Hayley Stevens: Where is your evidence?
A: Where is the evidence that it is a Giant Unclassified Aquatic Monster, that lives in a lake that until 15,000 years ago, was covered with 1.5 miles of Ice? Provide some of that, and then I’ll provide some evidence for my opinion that it is shopped. Deal? Do I need to provide evidence that The famous Bigfoot film is really a guy in a costume? Sorry.
Hayley Stevens: I’m not claiming it is a monster so the burden of proof for that claim doesn’t fall to me. I don’t know what it is in the photo, but I’m not claiming to know either. On the other hand, you are claiming it is a hoax photo. You can’t just dismiss things as hoaxes without evidence to back up such a claim even if it seems a more likely explanation. Also yes, if the Patterson and Gimlin film was new and you were claiming it was a hoax you would need to be able to demonstrate how or why you thought it was a hoax. You can’t just make or dismiss claims based on hunches or past cases. That’s irrational behaviour. ’There was no twisting and turning’… if you were there I’m willing to accept that information from you. If not, then I don’t understand how on earth you could know that.
Defining yourself as a rational thinker and dismissing something as a hoax without good reason is irrational and unhelpful. Using newspapers such as the Daily Mail as the source for the information you base your conclusion on is NOT good research practice and provides weak conclusions. The media are the middle man, retelling an eyewitnesses story to you – given the fact that eye witness testimony is untrustworthy in itself, why on earth would any rational person trust this retelling as a source to base their research from?
Many people have also picked up on the part of the news coverage in which the skipper of the boat says the oddity in the water was half a mile away from him when he took the photo despite it appearing to be much nearer to him in the photo, as though this demonstates it is a hoax. Yet the eyewitness said himself that it is difficult to judge distance in water so he wasn’t sure
“It was quite a fair way from the boat, probably about half a mile away but it’s difficult to tell in water.” – George Edward (source)

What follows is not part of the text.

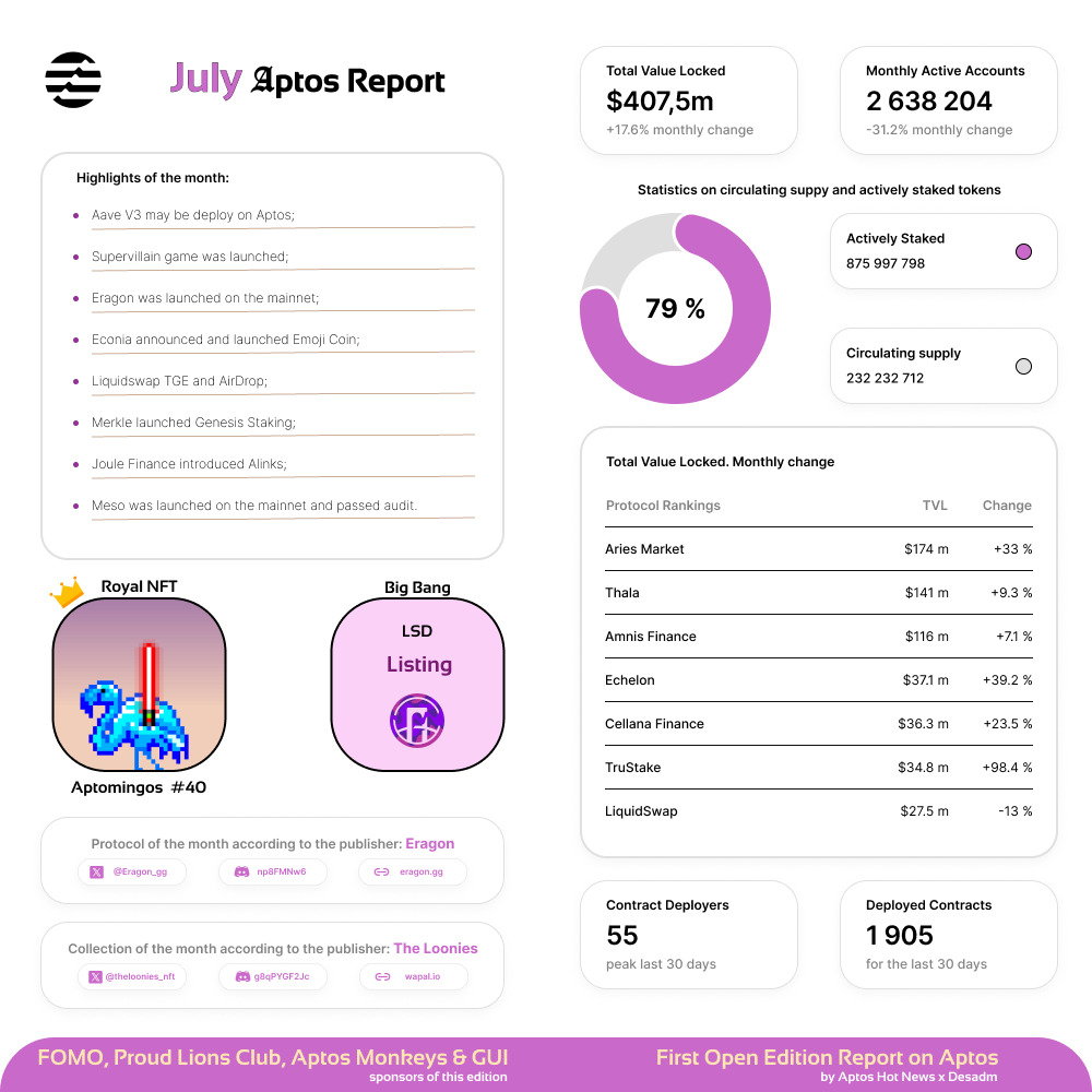 We present to you the second edition of the unique initiative, the Aptos Monthly Report. These are the first NFT reports on Aptos in an Open Edition format. The June edition sold nearly 500 copies, and the Aptos Monthly Report has become an independent project.

It is also important to remember that the photo was taken nearly ten months ago and that it is easy to misremember experiences you’ve had in the past,which is why it is hard to rely upon eye witness testimony alone when it comes to reports of paranormal phenomenon.

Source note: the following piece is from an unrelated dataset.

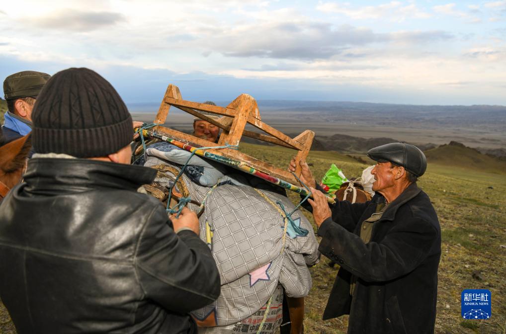 轉場第二天清晨,哈布得拉什么(右)和家人把轉場物品綁到馬背上,向夏牧場繼續前進(7月4日攝)。

It’s an interesting photo and poses many questions, and it would be good to find an answer to those questions. It’s fine to hypothesise about the photo and to discuss and suggest ideas regarding its origin and to make comparisons to previous lake monster photos and their causes. However many skeptics are quick to reach conclusions about these sorts of stories without having evidence to back themselves up – this is behaviour that goes against the very thing that skepticism is about – assessing claims for their supporting evidence. Stating that ‘it is a hoax’ or that ‘tourist numbers must be down’ or that ‘it is a log in the water’ are claims, and when you make a claim like this you need to have evidence to back it up. It could possibly be a hoax (though I don’t have any reason to believe it is right now), it could possibly be a log in the water, or perhaps a seal diving back under the water – but these suggestions are merely speculation. Presenting them as anything else is irrational and deserving of skeptical scrutiny.
Accusing a man of hoaxing a photo without having any good evidence to base that accusation on is disrespectful and intellectually dishonest.